◆ Try it
Reproduce exactly the lines of this material that begin at the line with "①涼しげなニットでウエストをカバー「フレンチスリーブニット」" and end at the line with "Авария случилась у", both included. Omit the pictures and everything else.

◆ Dataset records
--- START ---
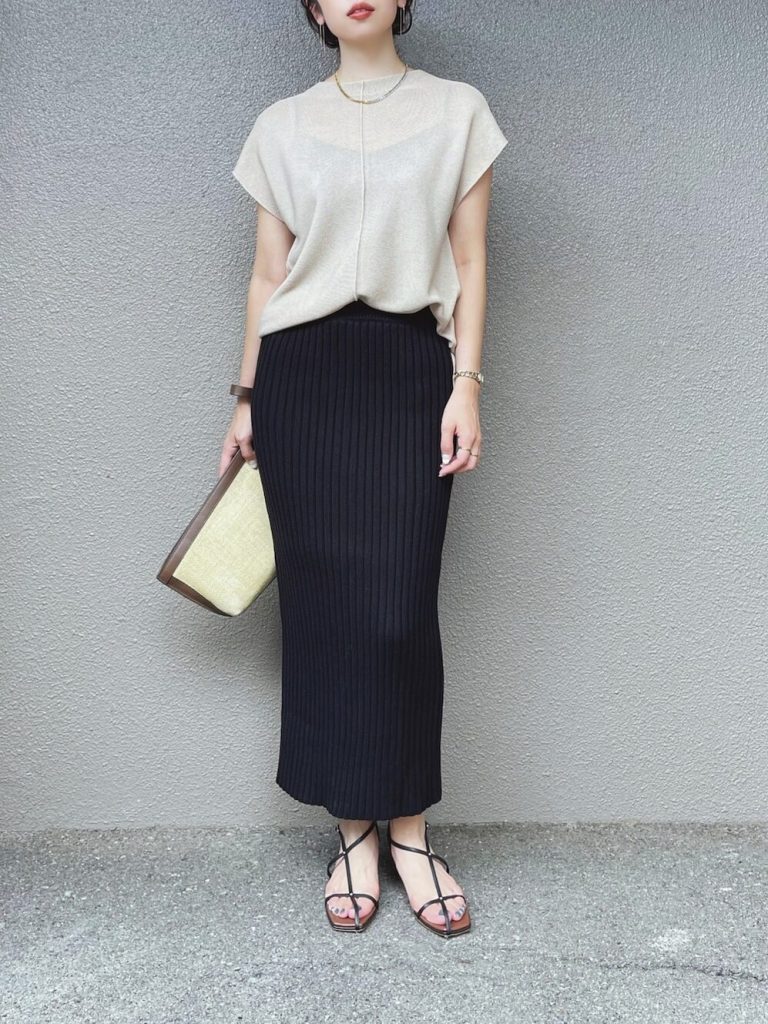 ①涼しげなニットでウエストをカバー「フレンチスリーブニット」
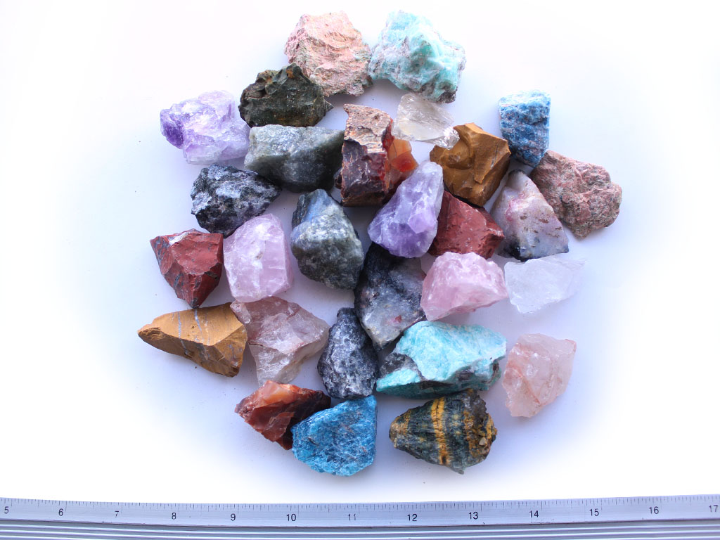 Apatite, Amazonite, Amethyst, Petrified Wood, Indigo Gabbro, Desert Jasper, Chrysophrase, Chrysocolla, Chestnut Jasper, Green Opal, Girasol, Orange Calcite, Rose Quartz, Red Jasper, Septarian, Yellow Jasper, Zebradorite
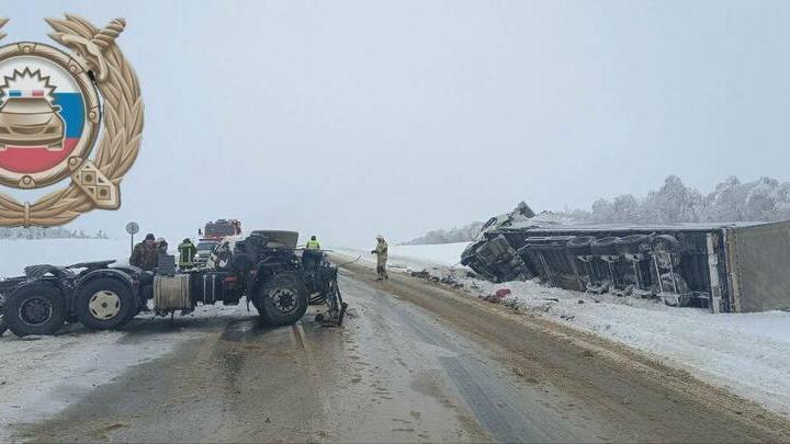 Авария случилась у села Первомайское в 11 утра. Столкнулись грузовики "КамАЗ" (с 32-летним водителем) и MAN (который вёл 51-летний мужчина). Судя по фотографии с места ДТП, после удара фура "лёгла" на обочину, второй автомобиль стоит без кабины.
--- END ---
--- START ---
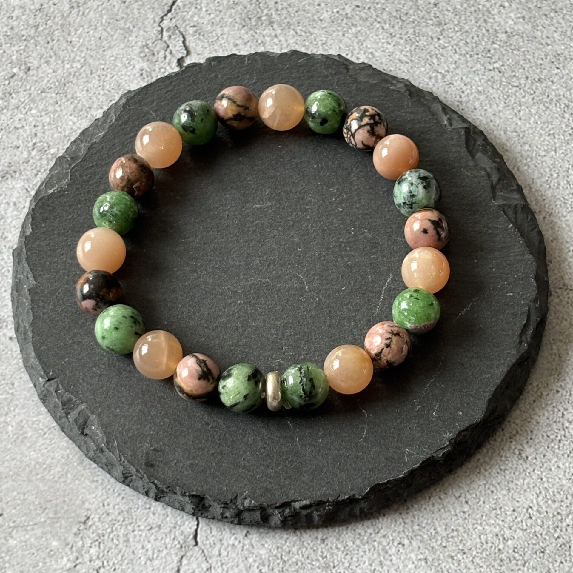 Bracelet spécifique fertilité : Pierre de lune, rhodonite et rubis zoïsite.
--- END ---
◆ Result for this task
 ①涼しげなニットでウエストをカバー「フレンチスリーブニット」
 Apatite, Amazonite, Amethyst, Petrified Wood, Indigo Gabbro, Desert Jasper, Chrysophrase, Chrysocolla, Chestnut Jasper, Green Opal, Girasol, Orange Calcite, Rose Quartz, Red Jasper, Septarian, Yellow Jasper, Zebradorite
 Авария случилась у села Первомайское в 11 утра. Столкнулись грузовики "КамАЗ" (с 32-летним водителем) и MAN (который вёл 51-летний мужчина). Судя по фотографии с места ДТП, после удара фура "лёгла" на обочину, второй автомобиль стоит без кабины.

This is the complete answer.